Now, we need a new dimension table to represent our new solution for calendars and dates.  Each row in the new table will represent a date within a given calendar; thus, we will end up with 1/1/2008 in the table for as many calendars as we need to support.  And every new calendar that gets added (in the future) will add a new row for 1/1/2008.  Thus, the grain of the dimension table is no longer just the date -- it's the combination of a date and the calendar it belongs to.  Thus, we create a new DimCalendar table that looks something like this:

DimCalendar Dimension Table

Notice that the table includes most of the normal attributes you'd think of for a date -- year attributes, quarter attributes, etc.  If a given calendar needs more attributes (for different "levels"), you can add columns for them (semesters, for example).  If a given calendar doesn't need that particular "level" or attribute, then you can simply leave that column NULL for each of the dates in that calendar.

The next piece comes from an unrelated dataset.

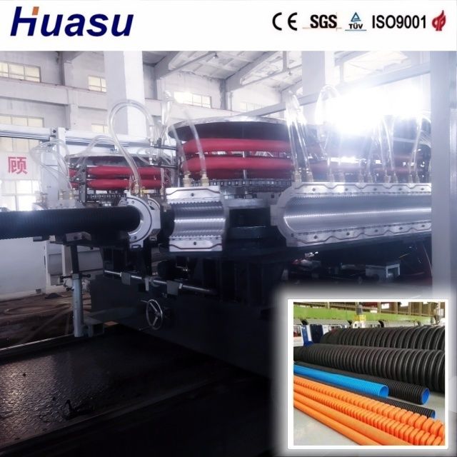 Linia do produkcji rur dwuściennych karbowanych reprezentuje produkt trzeciej generacji ulepszony przez Shandong HUASU, zapewniając niezwykły wzrost wydajności wytłaczarki i prędkości produkcji o 20-40% w porównaniu do poprzednich modeli.

You may be wondering why the table design includes the date itself (DayName and DayNumber attributes) since we're going to end up relating this new table to the existing DimTime table, which already includes date.  By including date here, we're able to include the day level in hierarchies that we build based on this new dimension (for example, Year-Quarter-Month-Day and Year-Week-Day hierarchies).

When populating this table, we decided to ensure that the DayNumber column provided a unique value for each day within each calendar.  Thus, for each row, we decided to assign a prefix (10 for the Gregorian calendar, 20 for the first fiscal calendar, etc.) to each day number.  So, the DayNumber column for 1/1/2008 in the Gregorian calendar became 1020080101 while the DayNumber column for 1/1/2008 in the first fiscal calendar became 2020080101.

With this table in hand, you can populate each calendar that you need by simply adding rows to the table for each day (across as many years as you want) for each calendar.  And in the future, you can add another calendar by simply adding new rows to the table for each day in the new calendar.  New calendars no longer need schema changes.  Here's what some of the data in the DimCalendar table might look like:

DimCalendar Table Data

Finally, to make the M2M scenario work for us, we need a bridge table that relates DimTime to DimCalendar.  This new bridge table will relate a date from DimTime (like 1/1/2008) to multiple rows in the DimCalendar table (like our 1/1/2008 row for the Gregorian calendar and our 1/1/2008 row in the first fiscal calendar.  We named this new bridge table FactDateCalendar and it looks like this:

FactDateCalendar Bridge Table

The overall model of using these new tables (shown along with a couple of the existing fact tables in the AdventureWorksDW database) then looks like this:

Updated AdventureWorksDW Model

With these tables populated (using whatever means necessary), we're ready to modify the SSAS solution for Adventure Works to use our new M2M scenario.  I'll follow-up in the next week or so with those details.


john said...

Great article! And great idea too!

In the article you mention:

"When populating this table, we decided to ensure that the DayNumber column provided a unique value for each day within each calendar. Thus, for each row, we decided to assign a prefix (10 for the Gregorian calendar, 20 for the first fiscal calendar, etc.) to each day number..."

But looking at the screenshot of DimCalendar, it looks like you also assigned the same prefix to the QuarterNumber, MonthNumber, and WeekNumber as well – correct? I assume that’s the case, but I just wanted to make sure.

Sam Kane said...

Here are this and some other articles on SSAS Date Dimension

Anonymous said...

The keying of the calendar table, and subsequently the M2M table, isn't clear to me. If the calendar table is only keyed on the Calendar ID, then there should only be one row allowed per calendar type. Is it really some combination of calendar and date? Why did you opt for a surrogate ID in the M2M table? Wouldn't you want to prevent duplicates? I'm intrigued by your results, but there's some apparent holes in the process that I can't figure out.